> YOUR TASK:
Copy, word for word, the lines below from the one containing "Effectieve dierenafschrikking –" up to and including the one containing "Made from scratch", with pictures left out.

> PROVIDED INFORMATION:

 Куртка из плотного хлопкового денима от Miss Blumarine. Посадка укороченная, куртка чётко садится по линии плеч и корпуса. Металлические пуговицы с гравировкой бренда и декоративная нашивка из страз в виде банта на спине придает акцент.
--
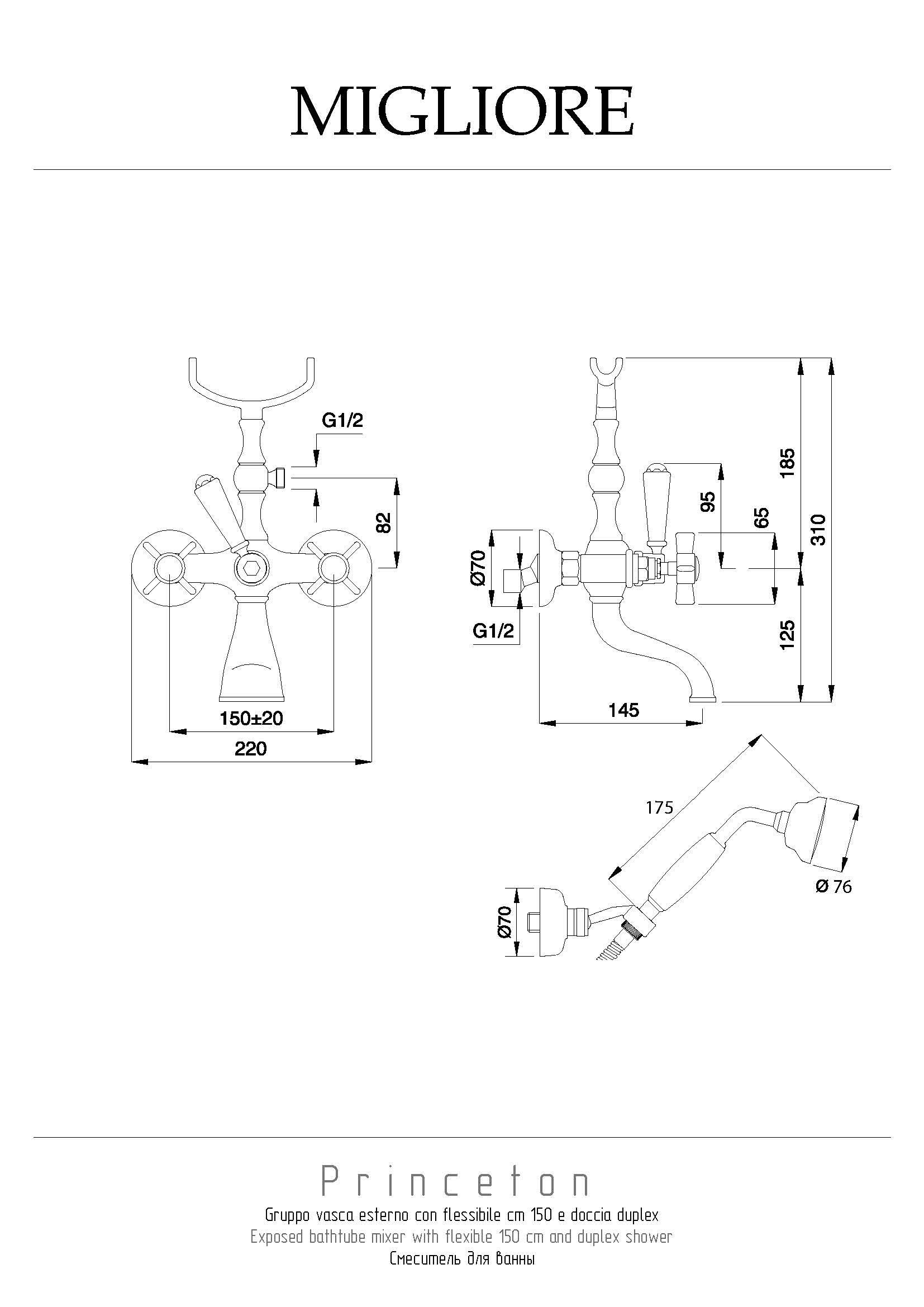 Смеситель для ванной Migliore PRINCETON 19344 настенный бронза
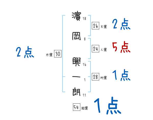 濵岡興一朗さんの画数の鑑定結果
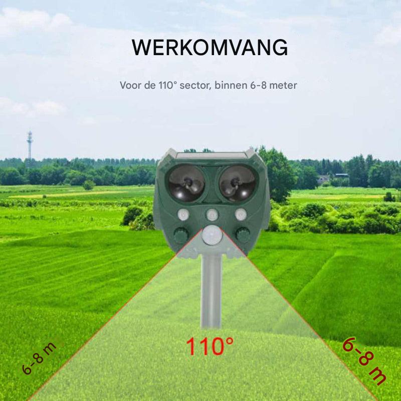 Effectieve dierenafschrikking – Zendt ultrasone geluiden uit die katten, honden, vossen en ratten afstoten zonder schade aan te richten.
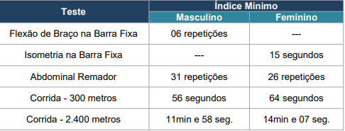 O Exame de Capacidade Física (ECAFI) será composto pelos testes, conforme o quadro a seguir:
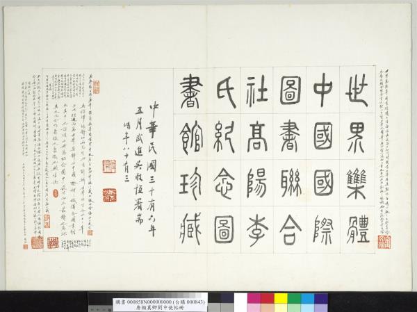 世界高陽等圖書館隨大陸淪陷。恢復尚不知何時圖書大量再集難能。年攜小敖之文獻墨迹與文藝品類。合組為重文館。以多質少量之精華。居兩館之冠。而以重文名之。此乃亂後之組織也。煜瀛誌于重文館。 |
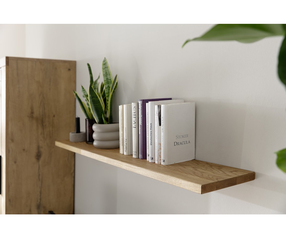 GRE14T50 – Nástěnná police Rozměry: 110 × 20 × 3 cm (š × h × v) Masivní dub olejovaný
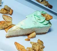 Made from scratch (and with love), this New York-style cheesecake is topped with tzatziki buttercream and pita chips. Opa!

> SOLUTION FOR THIS TASK:
 Effectieve dierenafschrikking – Zendt ultrasone geluiden uit die katten, honden, vossen en ratten afstoten zonder schade aan te richten.
 O Exame de Capacidade Física (ECAFI) será composto pelos testes, conforme o quadro a seguir:
 世界高陽等圖書館隨大陸淪陷。恢復尚不知何時圖書大量再集難能。年攜小敖之文獻墨迹與文藝品類。合組為重文館。以多質少量之精華。居兩館之冠。而以重文名之。此乃亂後之組織也。煜瀛誌于重文館。 |
 GRE14T50 – Nástěnná police Rozměry: 110 × 20 × 3 cm (š × h × v) Masivní dub olejovaný
 Made from scratch (and with love), this New York-style cheesecake is topped with tzatziki buttercream and pita chips. Opa!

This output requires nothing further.